PROBLEM TO SOLVE - Only the pictures are dropped. Restate each line below word for word.
====== GIVEN DATA
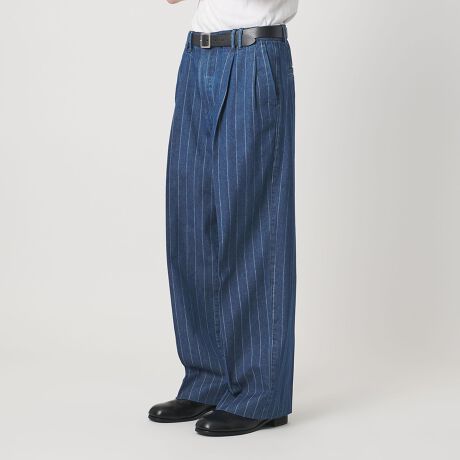 ライトオンスのインディゴストライプ生地を使用した2プリーツ入りワイドパンツ。
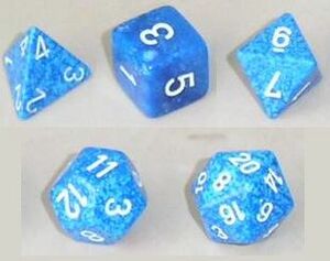 Platonic solids are often used to make dice, because dice of these shapes can be made fair. 6-sided dice are very common, but the other numbers are commonly used in role-playing games. Such dice are commonly referred to as dn where n is the number of faces (d8, d20, etc.); see dice notation for more details.
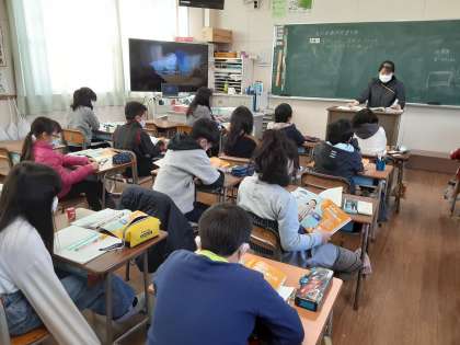 4年生では理科で「もののあたたまりかた」を学習しています。金属や水、空気がどのように温まるのかを調べていきます。今はグループで実際に実験をすることができないので、本やビデオを使っての学習になってしまいます。
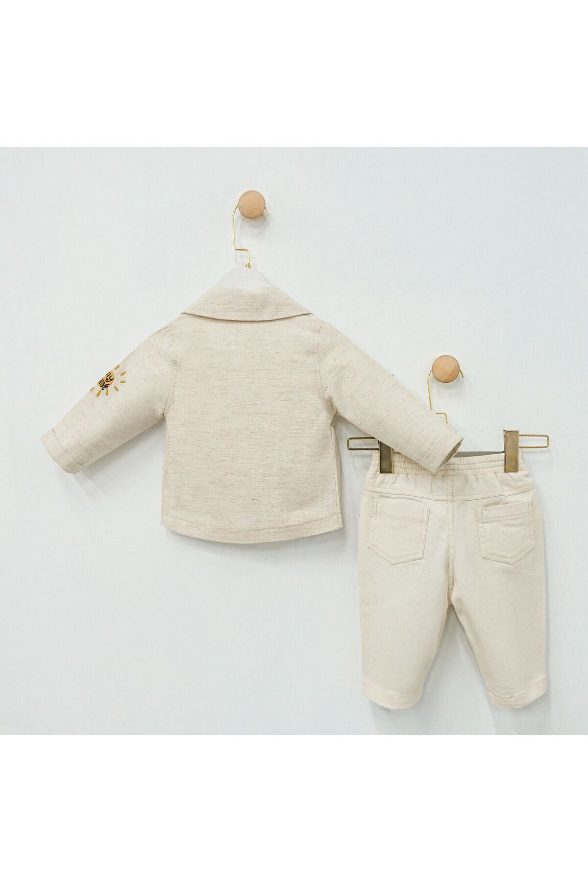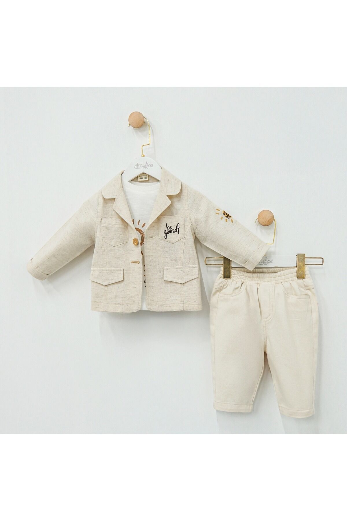 - Orta kalınlıkta kumaşı ile mevsim geçişlerinde ideal konfor sunar.; - Kemer veya kuşak gerektirmeyen tasarımıyla pratik kullanım sağlar.; - Üç parçadan oluşan set, günlük giyimde şıklığı ve rahatlığı bir arada sunar.; - Hassas yıkama talimatlarına uygun şekilde kolayca temizlenebilir; böylece ürün ömrü uzar.; - Her sezon tercih edilebilen bu takım, zamansız bir stil oluşturmanızı sağlar.; - Lastikli bel yapısı sayesinde vücuda mükemmel uyum sağlar ve hareket özgürlüğü tanır.; - Çift cepli tasarım, küçük eşyalarınız için ekstra saklama alanı sunarken fonksiyonellik kazandırır.; - Sıfır yakası ile modern ve minimalist bir görünüm elde edilirken, aynı zamanda sıcak tutma özelliği de bulunur.; - Boru paça kesimiyle hem spor hem de resmi ortamlarda rahatlıkla tercih edilebilir.; - Dokuma kumaş tipi dayanıklılığı arttırarak uzun süreli kullanım imkanı sunar.; - Bebekler için özel olarak tasarlanmış olup, miniklerin konforunu ön planda tutar.; - Erkek cinsiyetine hitap eden bu takım, her yaş grubundaki erkek çocuklar için uygundur.; - Regular boy kesimiyle farklı vücut tiplerine uyum sağlayacak şekilde dizayn edilmiştir.; - Kırçıllı deseniyle göz alıcı detaylara sahip olan bu takım, dikkat çekici bir tarz yaratmanızda yardımcı olur.; - Türkiye'de üretilmiş olmasının getirdiği avantajla yerel malzemelerle kalite standartlarını korurken ekonomik avantaj da sunar.
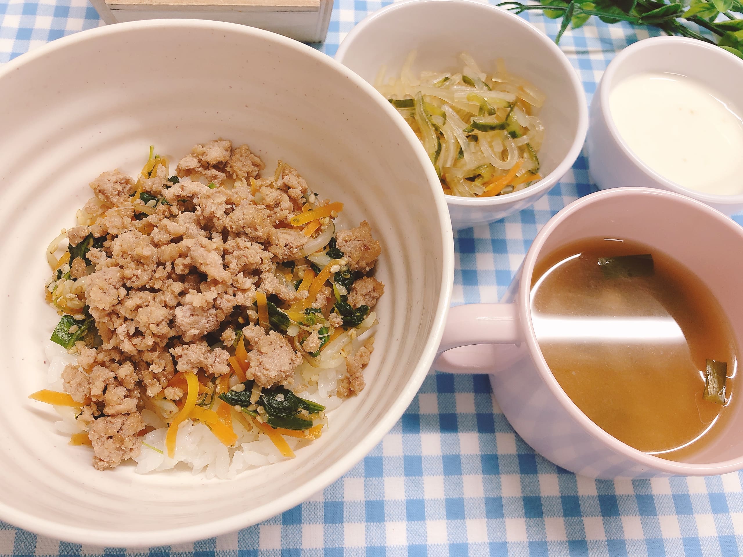 ビビンバ丼の彩りは、ほうれん草・にんじん・もやしをそれぞれナムルにしてからご飯にトッピング。豚ひき肉はしょうゆ・砂糖・みりんの甘辛いタレでしっかり味付けし、温かいご飯とよくなじむように仕上げました。
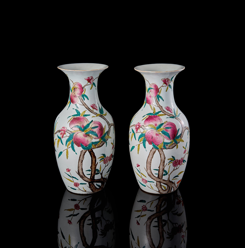 Coppia di vasi in porcellana Famiglia Rosa decorati con motivo delle nove pesche Cina, inizio sec. XX A pair of Famille Rose porcelain ënine peachesí vases China, early 20th century (h. 42,5 cm.)
============
ANSWER TO THIS TASK -
 ライトオンスのインディゴストライプ生地を使用した2プリーツ入りワイドパンツ。
 Platonic solids are often used to make dice, because dice of these shapes can be made fair. 6-sided dice are very common, but the other numbers are commonly used in role-playing games. Such dice are commonly referred to as dn where n is the number of faces (d8, d20, etc.); see dice notation for more details.
 4年生では理科で「もののあたたまりかた」を学習しています。金属や水、空気がどのように温まるのかを調べていきます。今はグループで実際に実験をすることができないので、本やビデオを使っての学習になってしまいます。
 - Orta kalınlıkta kumaşı ile mevsim geçişlerinde ideal konfor sunar.; - Kemer veya kuşak gerektirmeyen tasarımıyla pratik kullanım sağlar.; - Üç parçadan oluşan set, günlük giyimde şıklığı ve rahatlığı bir arada sunar.; - Hassas yıkama talimatlarına uygun şekilde kolayca temizlenebilir; böylece ürün ömrü uzar.; - Her sezon tercih edilebilen bu takım, zamansız bir stil oluşturmanızı sağlar.; - Lastikli bel yapısı sayesinde vücuda mükemmel uyum sağlar ve hareket özgürlüğü tanır.; - Çift cepli tasarım, küçük eşyalarınız için ekstra saklama alanı sunarken fonksiyonellik kazandırır.; - Sıfır yakası ile modern ve minimalist bir görünüm elde edilirken, aynı zamanda sıcak tutma özelliği de bulunur.; - Boru paça kesimiyle hem spor hem de resmi ortamlarda rahatlıkla tercih edilebilir.; - Dokuma kumaş tipi dayanıklılığı arttırarak uzun süreli kullanım imkanı sunar.; - Bebekler için özel olarak tasarlanmış olup, miniklerin konforunu ön planda tutar.; - Erkek cinsiyetine hitap eden bu takım, her yaş grubundaki erkek çocuklar için uygundur.; - Regular boy kesimiyle farklı vücut tiplerine uyum sağlayacak şekilde dizayn edilmiştir.; - Kırçıllı deseniyle göz alıcı detaylara sahip olan bu takım, dikkat çekici bir tarz yaratmanızda yardımcı olur.; - Türkiye'de üretilmiş olmasının getirdiği avantajla yerel malzemelerle kalite standartlarını korurken ekonomik avantaj da sunar.
 ビビンバ丼の彩りは、ほうれん草・にんじん・もやしをそれぞれナムルにしてからご飯にトッピング。豚ひき肉はしょうゆ・砂糖・みりんの甘辛いタレでしっかり味付けし、温かいご飯とよくなじむように仕上げました。
 Coppia di vasi in porcellana Famiglia Rosa decorati con motivo delle nove pesche Cina, inizio sec. XX A pair of Famille Rose porcelain ënine peachesí vases China, early 20th century (h. 42,5 cm.)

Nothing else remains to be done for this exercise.